Due to a non-wanted and non-planned change of lifestyle last year I had to donate most of my herps to friends and breeders, however things have improved and I'm slowly building my collection back up. Ian, I've kept cornsnakes for years now, I also have a few firebellied toads and next week I'll be heading back into the realm of Tarantulas with a kind gift from a friend. At the moment I have three cornsnakes, all different colour phases, Caramel, Anerythristic and this Snow corn. I'm very much into Herps, so yeah we'll definately chat  What kind of Chams, geckos and torts do you keep Ian? A friend has got some Veiled's eggs incubating at the moment which should be due to hatch in august, so maybe, just maybe :wink: I'm also having to take care of an 82 year old spur thighed tortoise for an elderly lady at the moment, it hasnt fed since coming out of hibernation but it seems to be improving, slowly but surely.

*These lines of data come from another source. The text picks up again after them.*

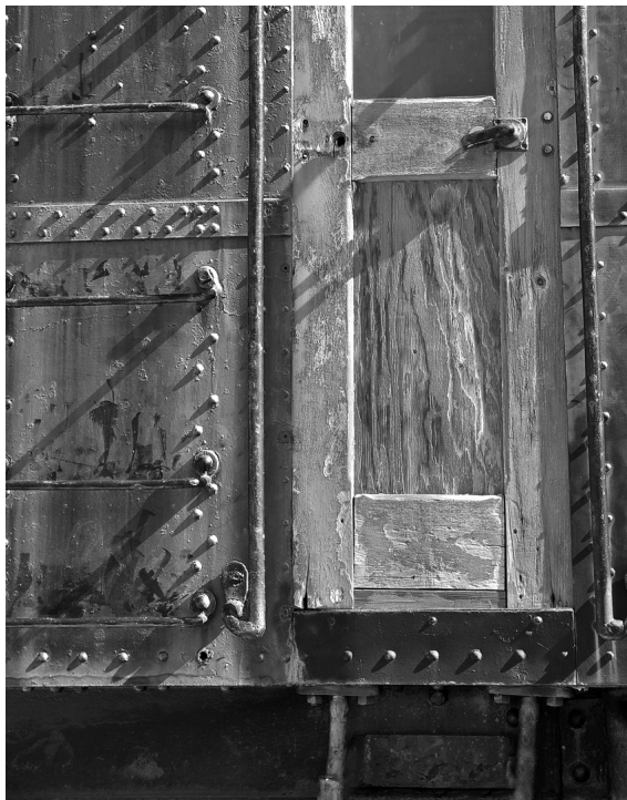
Monochrome Print 2nd place by Alan Forney
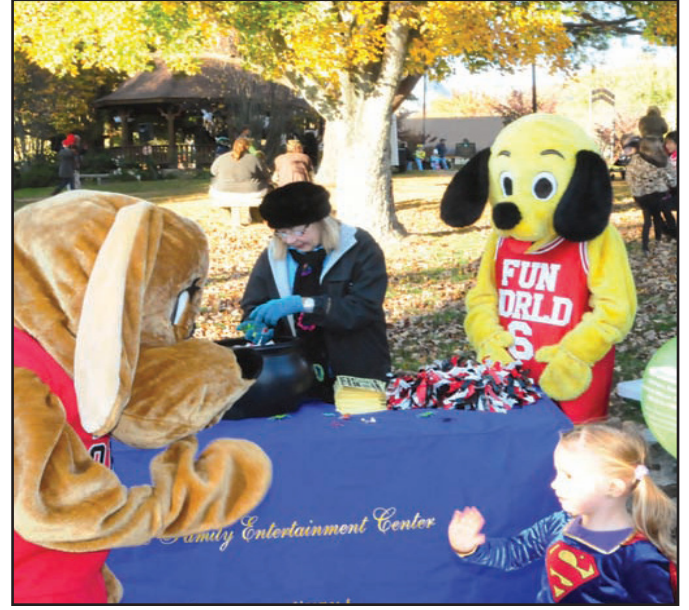
Expect the Funworld mascots to be on hand for Halloween On the Square.

children and we are expecting judging contest. a great turnout.<sup>2</sup>
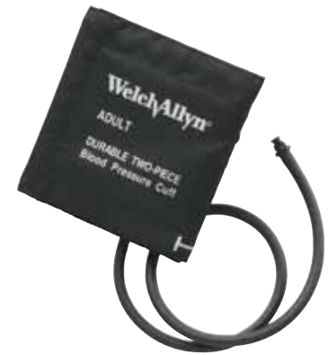
5082-43 Adult Blood Pressure Cuff and One-Tube Bladder

5082-77 Thigh Blood Pressure Cuff and One-Tube Bladder
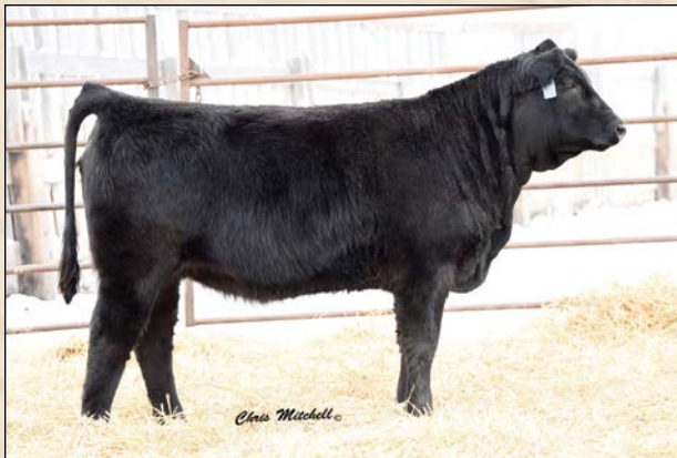
SGAR ESTHER • Sells as Lot 22.

SCHOCK RANCH Genomic enhanced EPDs. If you are looking for a more moderate female that is capable of delivering performance to the ground, this is your girl. She has an excellent pedigree with powerful numbers straight across the board. 703E is a young calf, out of a first calf heifer that is showing early signs of becoming a top performing cow anywhere. Sells open.

Rick, get yourself a bubblegum snow corn like mine  

And thanks Dino, i'll pass that message on and i'm sure the snake will be flattered, hehe, i'll post some pics of the other two over the week as well.

Dave


----------



## PseudoDave (Jun 30, 2005)

Hi again all. Well, yet again, I have another new edition. I have taken a picture but it's lighting at the moment so i'll get a better one tomorrow. She is an adult female Brachypelma bohemi, also known as the Mexican Fire leg, sometimes 'True red-leg'. It's a gorgeous tarantula, a bit grumpy and likes to flick hairs but so would I after being transported around all day. Now she is resting and chilling out, i'll get the fresh pics tomorrow when I feed her. What made it even better? It was a gift, from a very generous breeder, i'm happy as a kid on his first christmas at the moment  






Like i say, better pics tomorrow 8)


----------